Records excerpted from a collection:
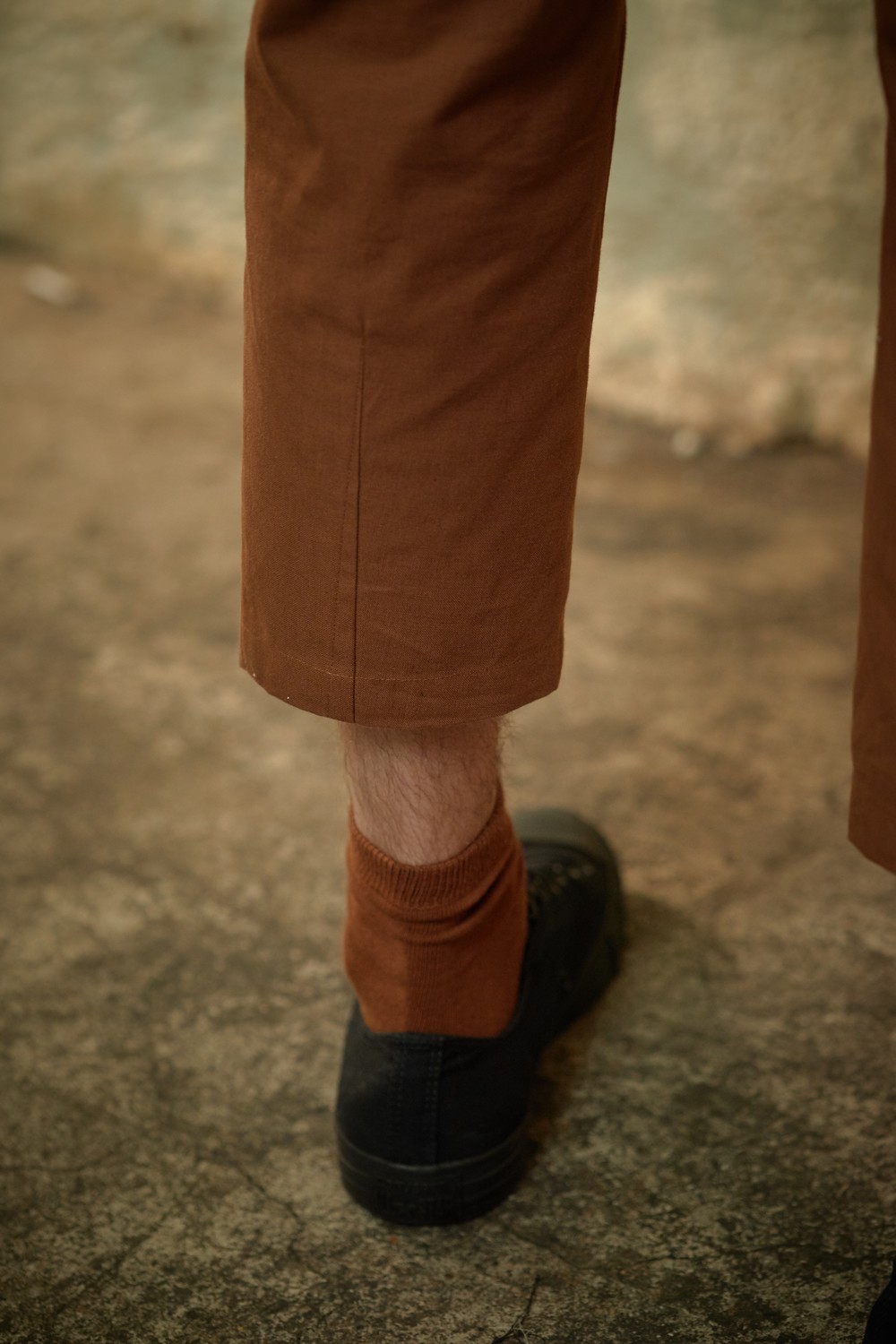 벨트를 차는 waistband가 바지의 몸판 위에 봉제되는 방법이 아닙니다. 자켓의 전면 몸판 안쪽에 안감과 연결되는 안단을 대는 방법과 유사하게 waistband를 봉제하였고, 피니싱은 탑스티치로 마무리하여 겉에서 봤을 때 바지위에 올라가는 다른 스티치들과 교차하면서 감각적인 분위기를 연출합니다.
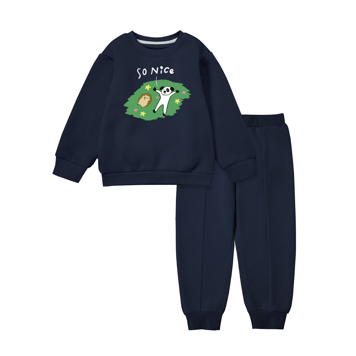 미니 존 가을과 겨울 새로운 어린이 벨벳 세트 투피스 피부 친화적 인 벨벳 따뜻한 스웨터 바지 소년 긴팔 여성
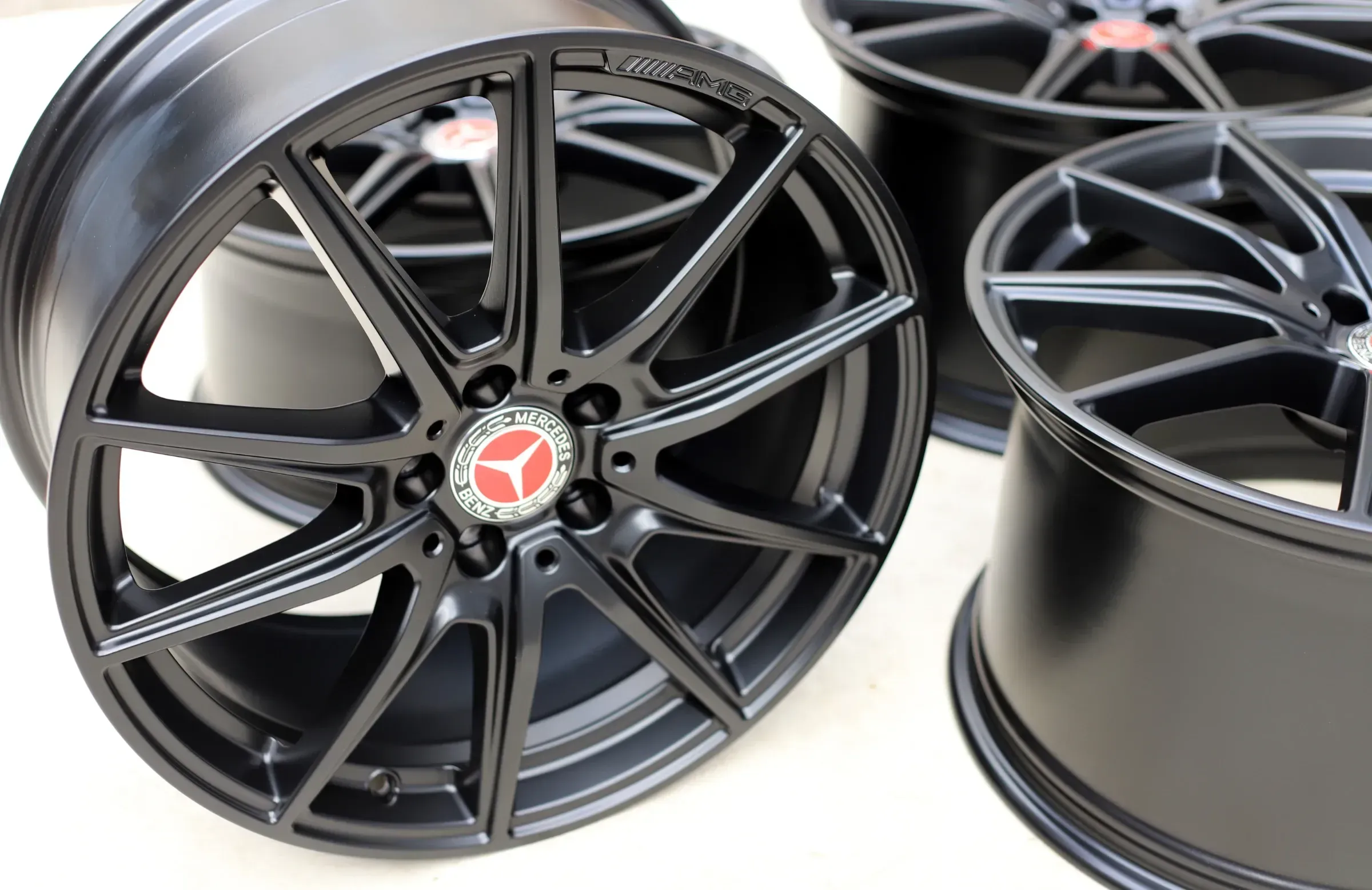 Die Felgen befinden sich in einwandfreiem Zustand – keinerlei Bordsteinkontakt oder Beschädigungen. Der Zustand ist nahezu neuwertig. Der Rundlauf wurde auf der Wuchtmaschine überprüft und ist absolut einwandfrei. Dank ihrer hochwertigen seidenmattschwarzen Pulverbeschichtung eignen sich die Felgen ideal als Ersatz oder stilvolles Upgrade – besonders passend für Fahrzeuge mit mattem oder dunklem FinishZoll Hinterachse:
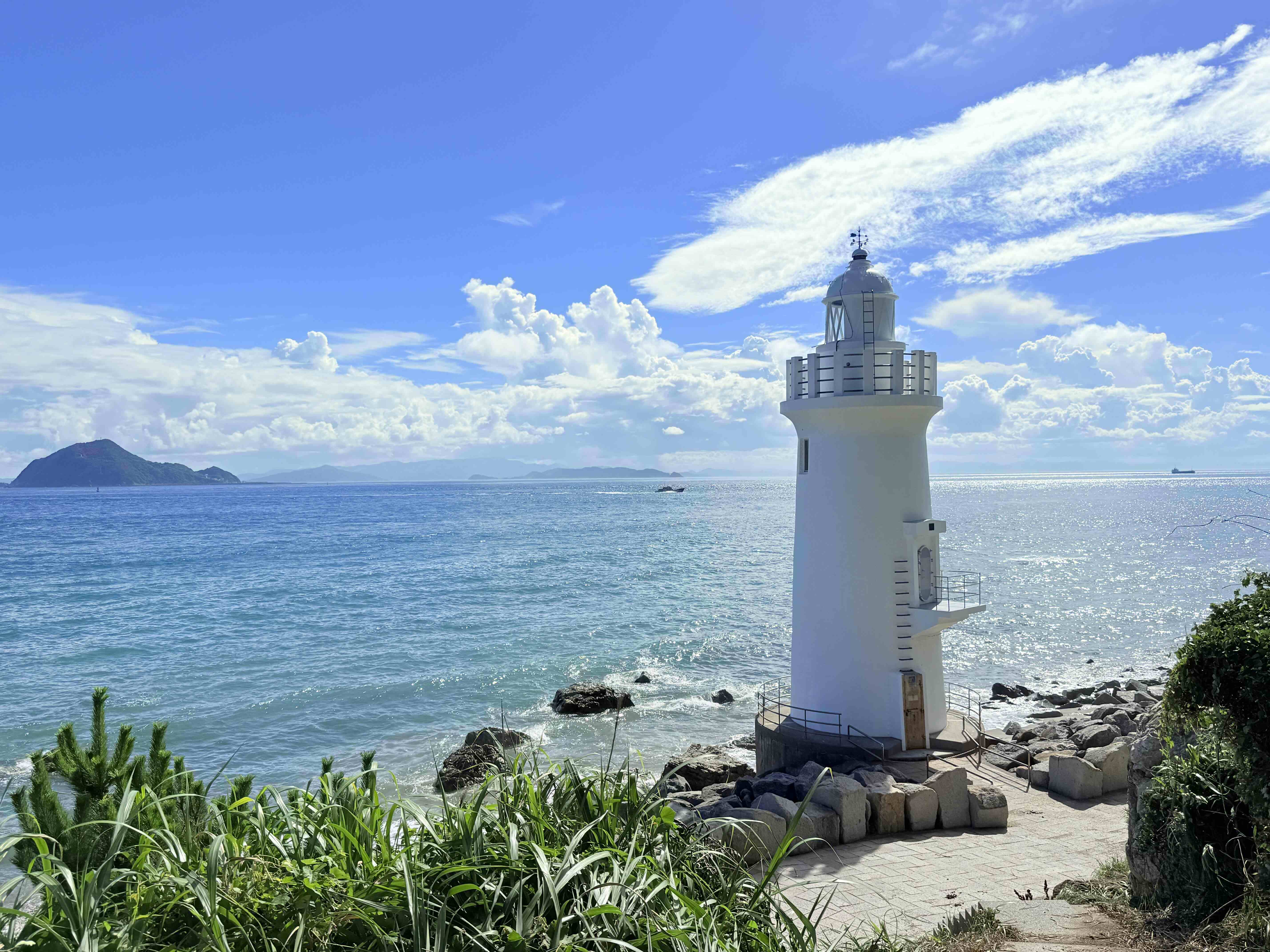 黒潮踊る太平洋と紺碧の波静かな三河湾を望む渥美半島の最先端に建つ白亜の灯台。
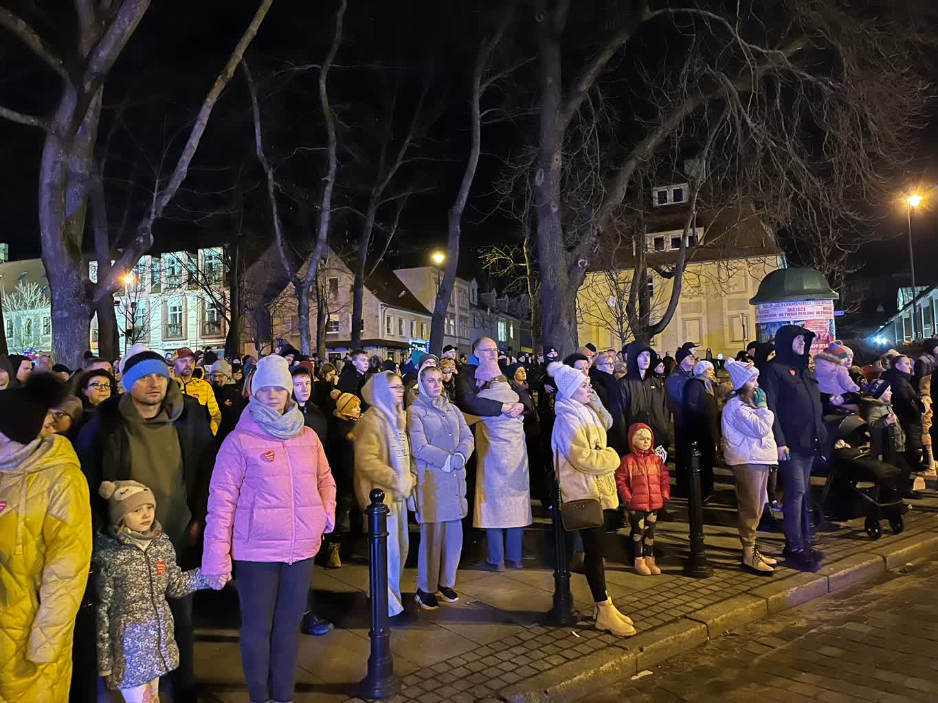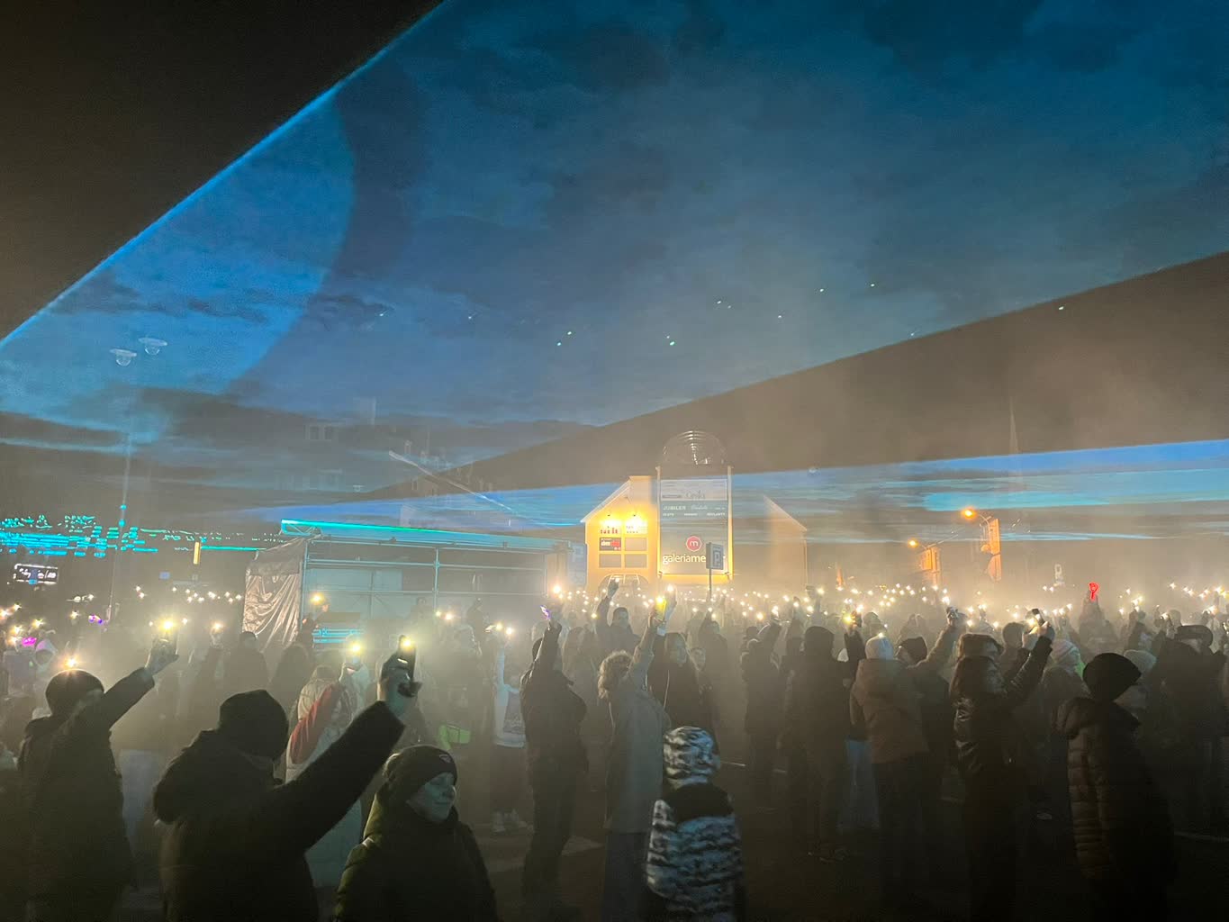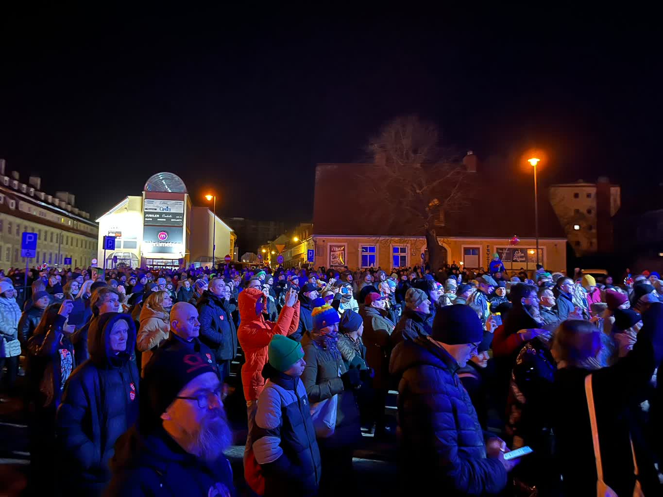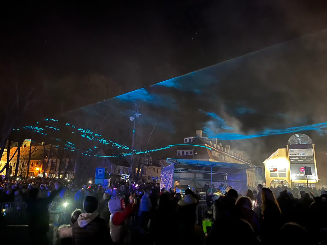 W tym roku, zamiast tradycyjnych fajerwerków, zielonogórzanie mogli uczestniczyć w pokazie laserów, który odbył się na placu przed filharmonią.
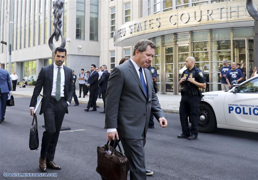 Jeffrey Lichtman (c), abogado de Joaquín "El Chapo" Guzmán, se retira luego de que se diera a conocer la sentencia de su cliente, en el barrio de Brooklyn de la Ciudad de Nueva York, Estados Unidos, el 17 de julio de 2019. Jueces de Estados Unidos sentenciaron el miércoles a cadena perpetua al capo mexicano de la droga, Joaquín "El Chapo" Guzmán. El juez de distrito, Brian Cogan, anunció el veredicto en un tribunal federal del distrito de Brooklyn, Nueva York. Cogan también a?adió 30 a?os a la condena y ordenó a Guzmán pagar 12.600 millones de dólares al gobierno estadounidense. (Xinhua/Wang Ying)
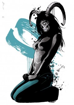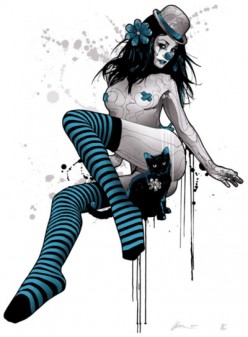His latest exhibition “Clowns and Calligraphy” is a testament to Mitchy Bwoy’s northern charm and facetious sense of humor. When asked about his fascination with clown girls Mitchy replied, “My interest is in the sexy and sinister aspect. As with other pieces in the show Love + Hate and Nowhere Girl, it’s about opposing aspects of human nature – yin & yang, Jedi & Sith, etc.” He chuckles, “They’re just a bit of fun really … I guess I’ve always had a thing for striped stockings!
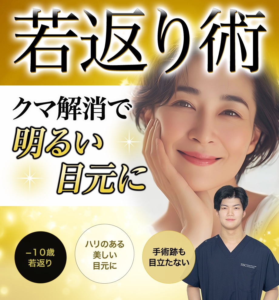 クマが解消することでお顔全体の印象が明るくなり、見た目も若返ります。
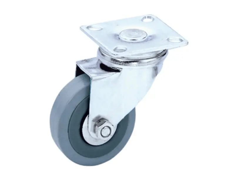50 mm Lenkrolle. Rahmen und Grundplatte Stahl verzinkt. Graue Gummirolle auf geschraubter Achse. Ohne Bremse.
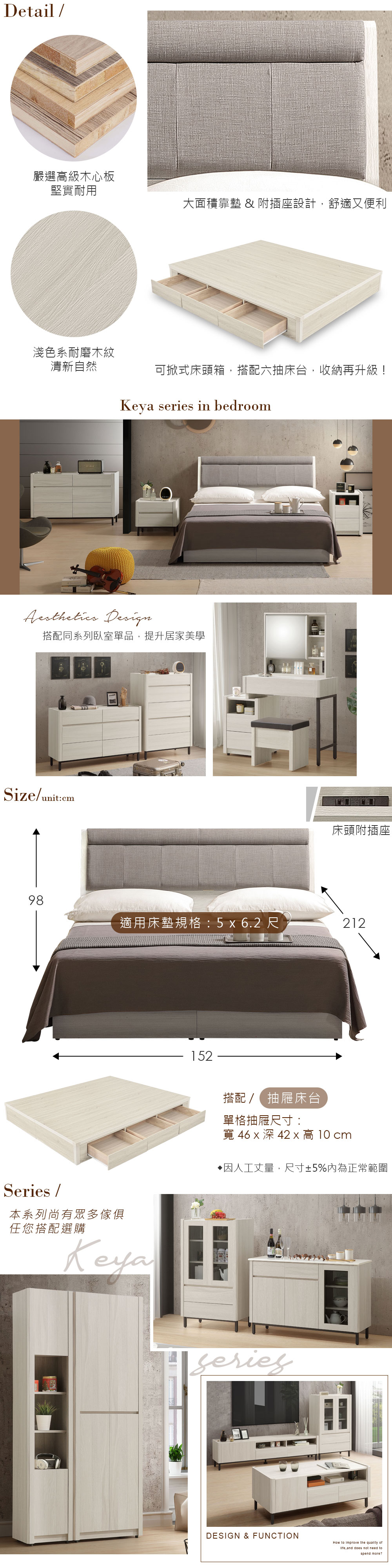 ◆木心板材質,堅實、穩固、耐用◆清新淺色系,質感木紋路視覺◆大面積靠墊設計,靠躺舒適服貼◆靠墊可掀開,大容量收納空間◆附安全插座,手機、3C充電好方便◆搭配抽屜床台,共六抽屜,分類收納好整齊!◆免組裝,專人配送到府整組商品:床頭箱 x 1 + 抽屜床台 x 1 (不含床墊)尺寸:寬 152 x 深 212 x 高 98 公分適用床墊規格:5 x 6.2 尺材質:高級木心板顏色:白榆木色產地:台灣誤差值:因人工丈量,尺寸±5%內為正常範圍

__WORK TASK__.
Above are the records; copy from them only the lines starting at the one containing "W tym roku, zamiast" and ending at the one containing "クマが解消することでお顔全体の印象が明るくなり、見た目も若返ります。", exactly and without pictures.

__RESULT OF THE EXERCISE__.
 W tym roku, zamiast tradycyjnych fajerwerków, zielonogórzanie mogli uczestniczyć w pokazie laserów, który odbył się na placu przed filharmonią.
 Jeffrey Lichtman (c), abogado de Joaquín "El Chapo" Guzmán, se retira luego de que se diera a conocer la sentencia de su cliente, en el barrio de Brooklyn de la Ciudad de Nueva York, Estados Unidos, el 17 de julio de 2019. Jueces de Estados Unidos sentenciaron el miércoles a cadena perpetua al capo mexicano de la droga, Joaquín "El Chapo" Guzmán. El juez de distrito, Brian Cogan, anunció el veredicto en un tribunal federal del distrito de Brooklyn, Nueva York. Cogan también a?adió 30 a?os a la condena y ordenó a Guzmán pagar 12.600 millones de dólares al gobierno estadounidense. (Xinhua/Wang Ying)
His latest exhibition “Clowns and Calligraphy” is a testament to Mitchy Bwoy’s northern charm and facetious sense of humor. When asked about his fascination with clown girls Mitchy replied, “My interest is in the sexy and sinister aspect. As with other pieces in the show Love + Hate and Nowhere Girl, it’s about opposing aspects of human nature – yin & yang, Jedi & Sith, etc.” He chuckles, “They’re just a bit of fun really … I guess I’ve always had a thing for striped stockings!
 クマが解消することでお顔全体の印象が明るくなり、見た目も若返ります。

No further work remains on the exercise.